Babies enjoy being held, cuddled, and stroked. Affectionate touches are essential for the baby’s health and emotional development. In addition to the loving touches you apply while feeding, changing diapers, and putting your baby to sleep, you can also add baby massage to your daily care routine.

Benefits of Baby Massage

  • Baby massage strengthens the bond between the baby and parents and develops feelings of love and trust.
  • Baby massage improves the sleep quality of the baby and parents, reduces stress hormones, and increases ‘’feel-good’’ hormones.
  • Baby massage reduces colic symptoms such as irritability and sleeplessness.
  • Baby massage ensures better digestion of food and reduces constipation.
  • Baby massage supports the health of the circulatory system and strengthens the immune system.
  • Baby massage is linked to healthy weight gain, reduced jaundice, and pain relief.
  • Baby massage supports cognitive performance, non-verbal communication skills and motor development thanks to the interaction it provides with the massager.
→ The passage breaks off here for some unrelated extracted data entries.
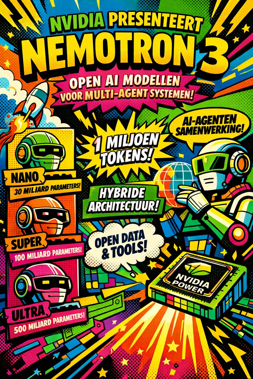 Nemotron 3 Ultra: de grootste uitvoering (~500 miljard parameters) bedoeld voor diepgaande, complexe redeneringstaken en grootschalige agent-ecosystemen.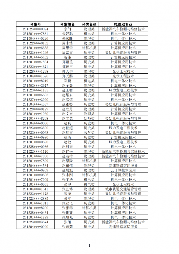 內(nèi)蒙古能源職業(yè)學(xué)院2025年第一次單獨(dú)招生考試擬錄取名單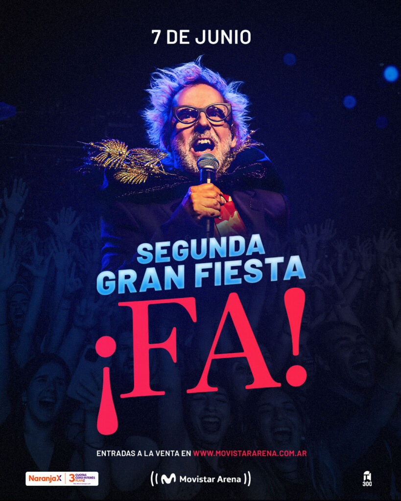 La segunda Gran Fiesta ¡FA! vuelve al Movistar Arena el domingo 7 de junio de 2026 para una nueva edición de su celebración colectiva. Luego de un debut inolvidable a estadio lleno, la fiesta conducida por Mex Urtizberea se prepara para sorprender una vez más.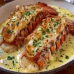 Con la salsa lista, coloca las colas de langosta en un plato para hornear. Vierte generosamente la salsa cremosa sobre ellas, asegurándote de cubrir bien cada porción. Este es el momento en que la magia empieza a suceder; la langosta empezará a absorber todos esos sabores agradables de la salsa.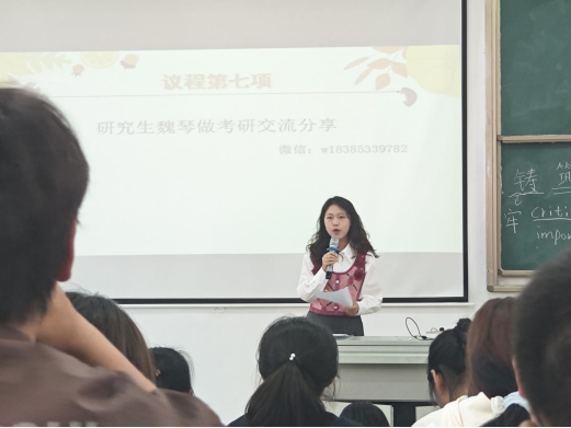 紧接着,2024级研究生李展考和魏琴向各位新生分享了关于研究生备考策略、时间管理以及心态调整等方面的经验,并强调了持之以恒和自我激励的重要性。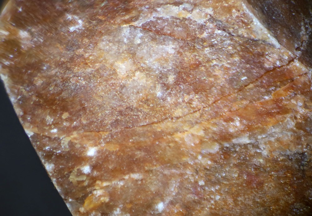 Je joins une autre vidéo pour tourner un peu autour de ce caillou sous meilleure lumière ... On y voit une sorte de plissage un peu sinuosant ou avec "un pendage" selon la face sombre (la base) observée ... Cela fait penser à du métamorphique plutôt ... Quant aux cristaux rosâtres, je n'arrive pas à trancher entre quartz ou feldspath ... Si d'aucun a une idée, je suis preneur et peux remettre le couvert (autres vues) si nécessaire ... N'hésitez pas à me dire si j'écris des couneries ... 😉 -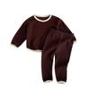 Seturi de ținute de toamnă pentru bebeluși, fetițe, băieți, topuri cu mânecă lungă cu decolteu + + culoare contrastantă/pantaloni cu dungi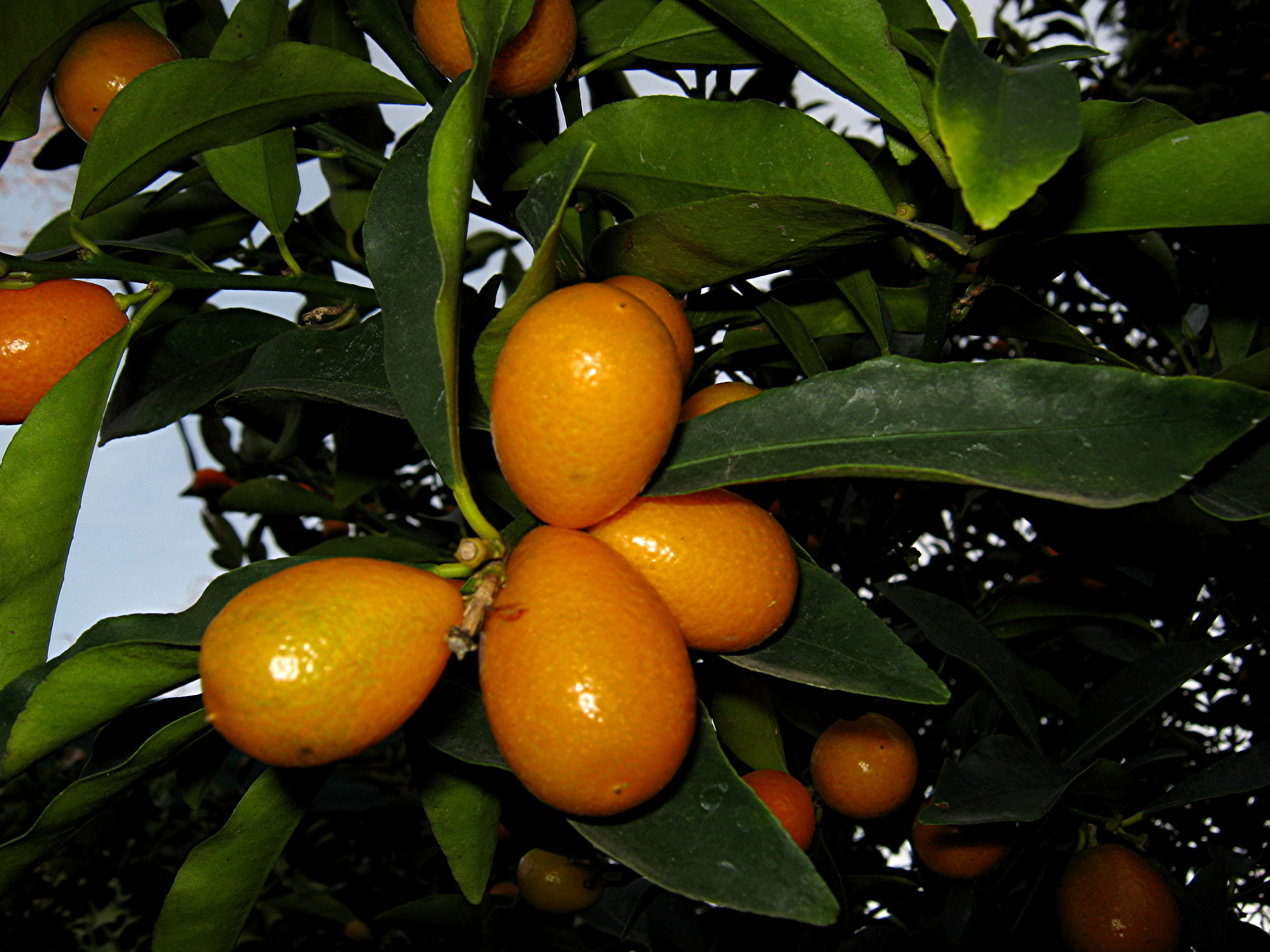 Nagami has bright orange fruit shaped like an olive. Very ornamental; best-known type. Meiwa has sweet, round fruit.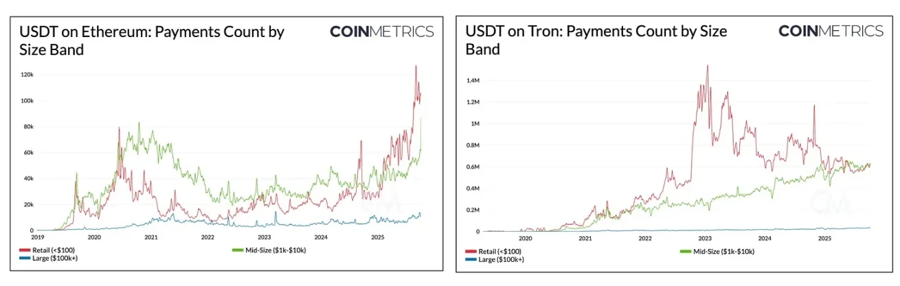 This trend is also evident in the composition of cross-blockchain USDT payments. On Tron, as medium-scale traffic momentum increases, the gap between retail payments and medium-sized transfers has narrowed. On Ethereum, since 2024, the number of retail ($100) and medium-sized ($1,000 - $10,000) payments has surged, while large ($100,000 - $1 million) transfers have remained stable. This indicates that as the network becomes more accessible, the use of USDT is diversifying towards smaller-scale activities.

General Tips for Baby Massage

  • You can apply back, hands, feet, shoulders, full-body, and head massage to your baby.
  • Make strokes gentle but firm, and not ticklish.
  • Avoid massaging your baby immediately after feeding, wait at least 30 minutes.
  • To massage your baby, choose times when your baby is calm and alert. It can be done after bathing or during diaper change.
  • Always watch for signals that your baby is enjoying the massage. Just like adults, babies sometimes may not be in the mood to receive sensory stimulation.
  • Using oil helps your hands move smoothly over your baby’s body. You can use a natural oil such as grapeseed, sunflower or olive. You can also use non-medicated baby rubs for babies aged 3 months and older. Do not use adult massage oils, hand lotion or nut-based oils such as hazelnut oil or almond oil.


  1. American Academy of Pediatrics. (2024). The Benefits of Baby Massage.
  2. Mindell, J. A., Lee, C. I., Leichman, E. S., & Rotella, K. N. (2018). Massage-based bedtime routine: impact on sleep and mood in infants and mothers. Sleep medicine41, 51–57.
  3. Seidl, A., Tincoff, R., Baker, C., & Cristia, A. (2015). Why the body comes first: effects of experimenter touch on infants’ word finding. Developmental science18(1), 155–164.
  4. Mrljak, R., Arnsteg Danielsson, A., Hedov, G., & Garmy, P. (2022). Effects of Infant Massage: A Systematic Review. International journal of environmental research and public health19(11), 6378.